“Priestly orders wound their way” (MS IA, g.1; MS IX; Poems [1891]; Works [1903])—According
to
Mary Richardson, on
Thursday, May 16, in
Cassel, the Ruskins witnessed
a celebration of Ascension Day: “we saw a procession pass which consisted of many images of the
Virgin and
Saviour, supported and followed by most of the town people”,
the procession starting “from the church” and winding “all round the town to the church again. Just before it passed many people came out of houses carrying large bundles of grass (dʼherbes)
which they strewed on the road for the procession to walk on”. The family watched the spectacle from inside the hotel,
Mary admitting that the procession was the “first thing of the kind I had ever seen”.
Emerging after the procession had passed, they found the “people on their knees” and “muttering prayers which we neither understood nor heard”
(
Diary of Mary Richardson, 1833, 3–4).
In
1833, Ascension Day did indeed fall on
May 16; however, some details in
Ruskinʼs poem, along with his drawing,
suggest that he may have conflated the
Cassel celebration with a procession of Corpus Christi (or copied an illustration from a printed source),
which is held sixty days after Easter (
June 6 in 1833) to commemorate the real presence of
Christ in the Eucharist.
The canopy, which
Ruskin mentions in his poem and shows in his tailpiece drawing, shelters the sacrament carried in a monstrance by a priest and his attendants.
In
1833,
Frances Trollope described such a procession in
Ostend:
“I rejoiced to find myself, on the
9th of June, in so very Catholic a country;
for the ceremonies by which the
Fête‐Dieu was celebrated
were really splendid, considering the size of the town.
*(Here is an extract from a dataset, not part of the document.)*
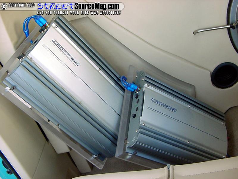 For sounds Mitch had to have something loud and obnoxious so he let the guys at performance audio take the reigns of this pimp wagon and install something even a midget would love. In the ext cab of Mitch's truck performance installed 2 150.2 TEK series amps and 6 crossfire p-1 15" subwoofers.   Adding to all this performance also installed 4 6-½-crossfire mids, 4 1" tweeters and for the brain unit Mitch went with a clarion in dash CD player.

The streets were lined with double rows of young straight‐grown fir‐trees;
every house being charged with the expense of purchasing such, and having them stuck in for the occasion.
In the open places of the city, groups of these same slender trees supported wreaths and garlands of flowers,
under which the host was carried in a splendid ark. The Curé, who bore this in his hands,
was himself superbly dressed; and at each corner of the canopy, borne above his head, walked a child of four or five years old,
in fancy costume, that looked as if it had been arranged by a ballet‐master.
Three of them had wings; and the fourth, dressed as an infant
St. John, would have been a beautiful model for a painter.
The procession consisted of all the military in the garrison, a numerous cortège of priests,
with their attendants, and the various associated companies of the town.
But by far the prettiest part of the spectacle consisted of the double row of little girls, elegantly dressed in white,
their heads adorned with wreaths of roses, and long white veils. Above two hundred of these pretty creatures,
looking all smiles and gladness, followed the host; and when the procession paused,
while the awful symbol was laid on the altar of the different
reposoirs prepared to receive it,
they, as well as the assembled multitude who followed them, prostrated themselves upon the ground before it.
The children all visited the Curé in his sacristy as soon as the ceremony was over,
and each received from him a little
cornet of
bonbons”
(
Trollope,Belgium and Western Germany in 1833, 1:14–16).
On
6 June 1833, the Ruskins were in
Karlsruhe,
where
Mary found the “churches too like a theater”, and they traveled onward to
Baden‐Baden,
where a fête was in progress (
Diary of Mary Richardson, 1833, 32–33).